A 3-state cohort state-transition model, often called Markov model, was developed. This model simulates a hypothetical cohort of patients over a defined period in fixed time intervals, called cycles, to estimate the average time individuals spend in the various health conditions, called health states. , Individuals could transition among a preoperative state, a postoperative state, and a dead state (Fig. 1 ). Based on the time spent in these states, health benefits, like life-years or years lived with disability are calculated. , , Since health benefits now are enjoyed more than in the distant future, it is recommended to perform discounting. , A discount rate of 0.015 per year for health benefits was used, as this is common practice in The Netherlands.

Figure 1

State-transition diagram of the cohort model. The model is a state-transition cohort model with 3 health states, a preoperative health states (preop), a postoperative state (postop), and dead. All patients start in the preop health states. This is the health state where patient eligible for surgery start in our simulation. We follow these patients over time using fixed time intervals of 1 week; these fixed time intervals are called cycles. Every cycle, patients can transition to one of the other health states or they can remain in the health states they currently are. From the preop health state they either die (transition to dead health state) or continue to wait for their surgical procedure (stay in the preop health state, the arrow points back into the health state). At the time of surgical procedure, which is determined by the selected model scenario of surgical delay, all individuals still alive in the preop health state transition to the postop health state. The cohort is followed their remaining lifetime, defined as up to 100 years of age. While they are followed, they can die (transition from the postop state to dead state) or stay alive in the postop health state (transition back to the postop state). Finally, patients in the dead state remain dead, so every cycle they stay in the dead state.
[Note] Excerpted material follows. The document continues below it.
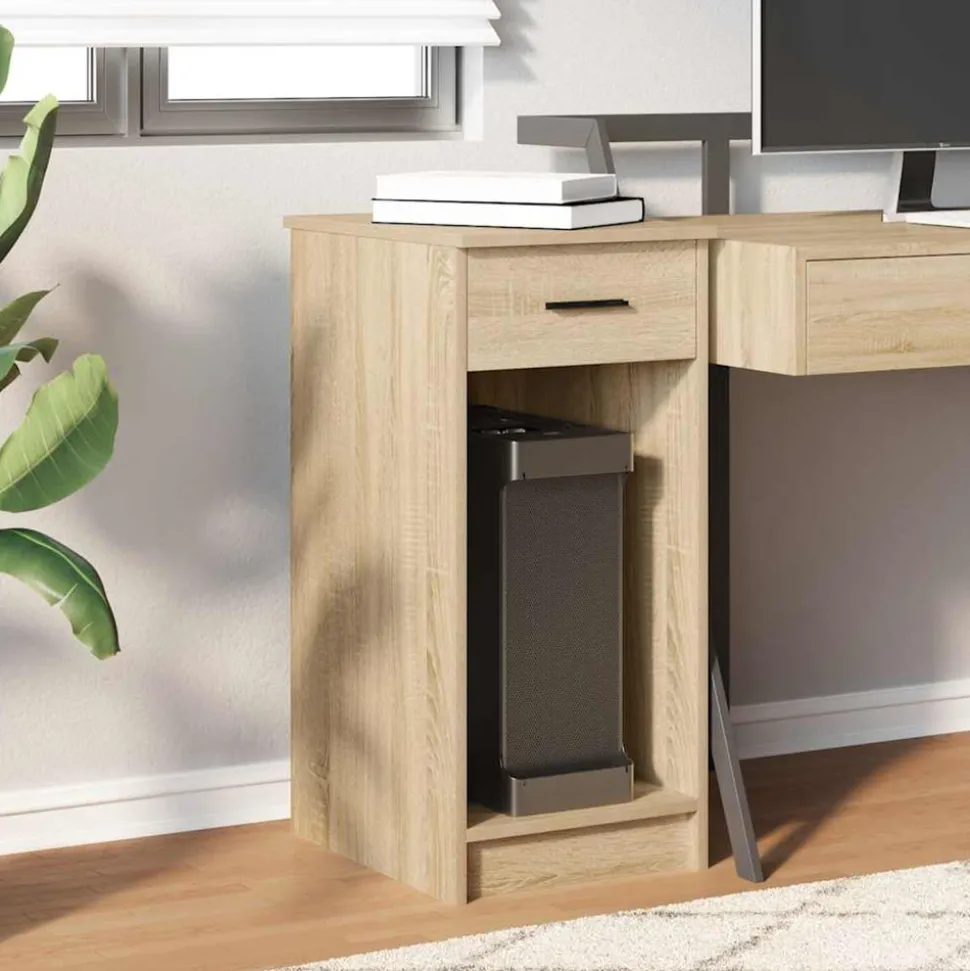 Le support de tour d’ordinateur offre un espace de rangement tout en protégeant le boîtier de l’ordinateur contre les chutes et les rayures. Matériau stable et durable : le bois d’ingénierie est un matériau durable et stable dont la surface lisse résiste à l’humidité, à la déformation et au fendillement, ce qui en fait un choix fiable pour une grande variété de projets.Grand espace de rangement : l’armoire informatique comprend un compartiment inférieur ouvert pour le boîtier de l’ordinateur, une surface supérieure pour les livres et les documents, et un tiroir pratique pour ranger soigneusement les câbles, les chargeurs et autres petits objets essentiels, afin que votre espace de travail reste organisé et sans encombrement.Utilisation polyvalente : qu’elle soit utilisée comme support de tour d’ordinateur ou comme table d’appoint, l’armoire s’adapte à différents environnements, offrant une combinaison idéale de fonctionnalité et de style pour les bureaux à domicile et les espaces de vie.Facile à entretenir : grâce à sa surface lisse, le porte-serviettes PC se nettoie facilement à l’aide d’un chiffon humide et nécessite peu d’entretien. Attention :Pour éviter qu’il ne bascule, ce produit doit être utilisé avec le dispositif de fixation murale fourni.
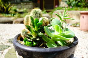 練習組合盆栽,把幾棵小多肉種在一塊,

The entire cohort started in the preoperative state and was followed their remaining lifespan, until they were 100 years old, using weekly cycles. The transition from the preoperative state to the postoperative state was set to a specific week, depending on the scenario. Scenarios of surgical delay of 2 weeks were compared with surgical delay up to a year using intervals of 10 weeks. In addition, the scenario where patients never received treatment was evaluated: this was modeled by following patients their entire remaining lifespan in the preoperative health state. In all scenarios, the transitions from the pre- and postoperative states to the dead state were based on survival data. A description of the model assumptions can be found in Appendix C in Supplemental Materials found at https://doi.org/10.1016/j.jval.2020.12.010.

Health Effects of Surgery

To be able to prioritize across disciplines, we chose to minimize health loss in YLL or QALY loss, which we define as DALY. Priority is given to the patients where surgery delay is associated with more health loss per unit of time. Therefore, the YLL and DALYs as a result of delays in surgery were evaluated. YLLs disregard QoL (QoL = 100%), whereas DALYs incorporate QoL and are therefore preferred. The expected health outcomes without surgery were compared to the expected health outcomes with surgery at 2 weeks to determine the overall health loss associated with not performing surgery. The expected health outcomes with surgery at 2 weeks were compared to the expected health outcomes at 52 weeks to determine the health lost per 50 weeks. This measure of urgency was converted to health lost per month delay and was used to rank the surgical procedures, where a high DALY/month or high YLL/month indicates an urgent surgery. DALYs are the difference in expected quality of life weighted life years, and YLLs the difference in expected life years.

Analysis

Probabilistic sensitivity analysis (PSA) was used to incorporate parameter uncertainty in the model outcome (see Appendix A for the parameter distributions and Appendix C for more details about the used PSA method in Supplemental Materials found at https://doi.org/10.1016/j.jval.2020.12.010). Rankings based on health benefits or health loss per unit of time were compared using Spearman’s rank correlation coefficient.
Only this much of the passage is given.